Economically, the CEPA is anticipated to reduce trade barriers, enhance certainty for businesses, and unlock new opportunities for exporters, investors, and workers in both countries. Key sectors identified for significant impact include critical minerals, clean energy (with a notable $2.6 billion uranium supply agreement already signed), advanced manufacturing, particularly for electric vehicles and renewable energy supply chains, and agri-food products like pulses and canola. India's exports to Canada typically include pharmaceuticals, machinery, precious stones, and textiles, while Canada's main exports to India are often vegetables, mineral fuels, and wood pulp.
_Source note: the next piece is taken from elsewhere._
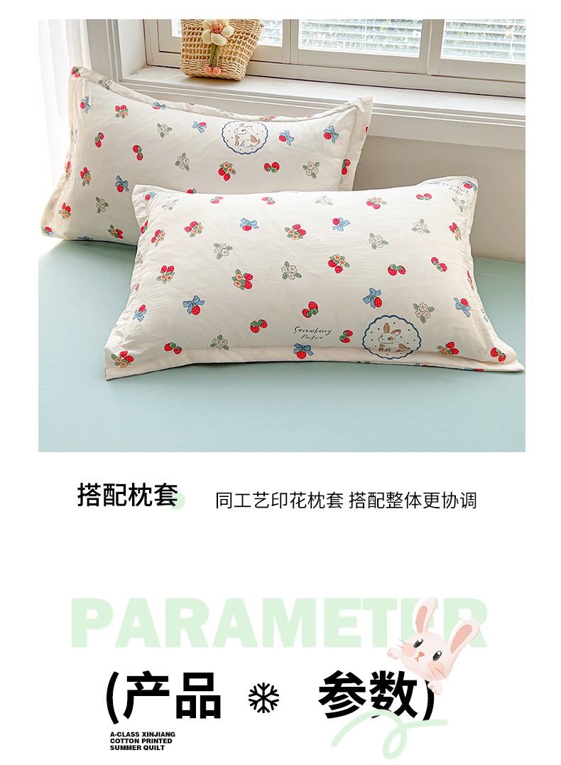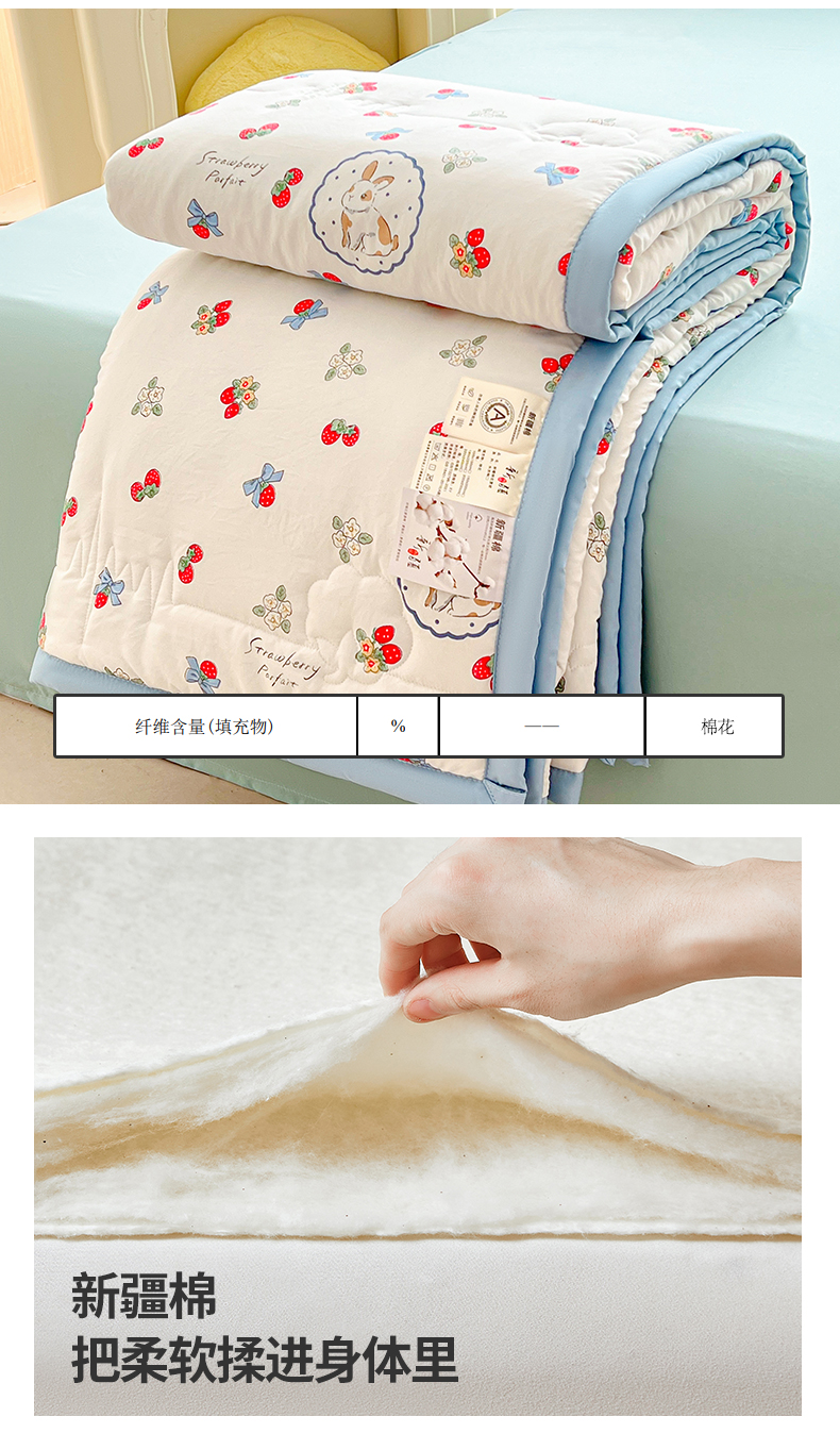 商品名称:2025新款A类印花手包边凌香新疆棉花夏被 凌香草莓兔
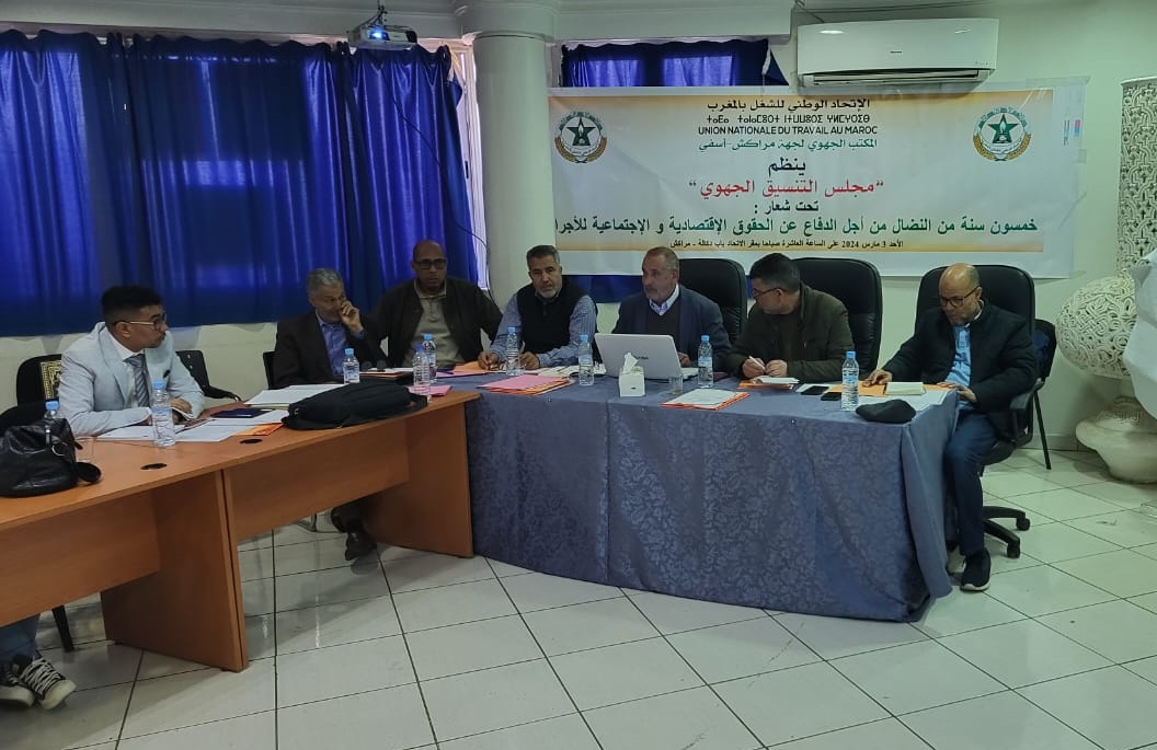 خلال اجتماعه..مجلس التنسيق الجهوي لمراكش آسفي يندد بالقرارات التعسفية والإجراءات التاديبية في حق بعض أعضاء المكاتب النقابية و مناضلي الاتحاد

The agreement also aims to attract more Canadian institutional investment into India, addressing concerns regarding regulatory transparency and taxation to create a more attractive operating environment.
Geopolitically, the renewed trade focus signals a significant thawing of diplomatic relations that had soured in 2023 under the previous Canadian administration. Both nations, underpinned by shared democratic values and a large Indian diaspora in Canada, are now prioritizing economic cooperation to build a more resilient and integrated partnership, aiming for long-term prosperity and diversification of global supply chains.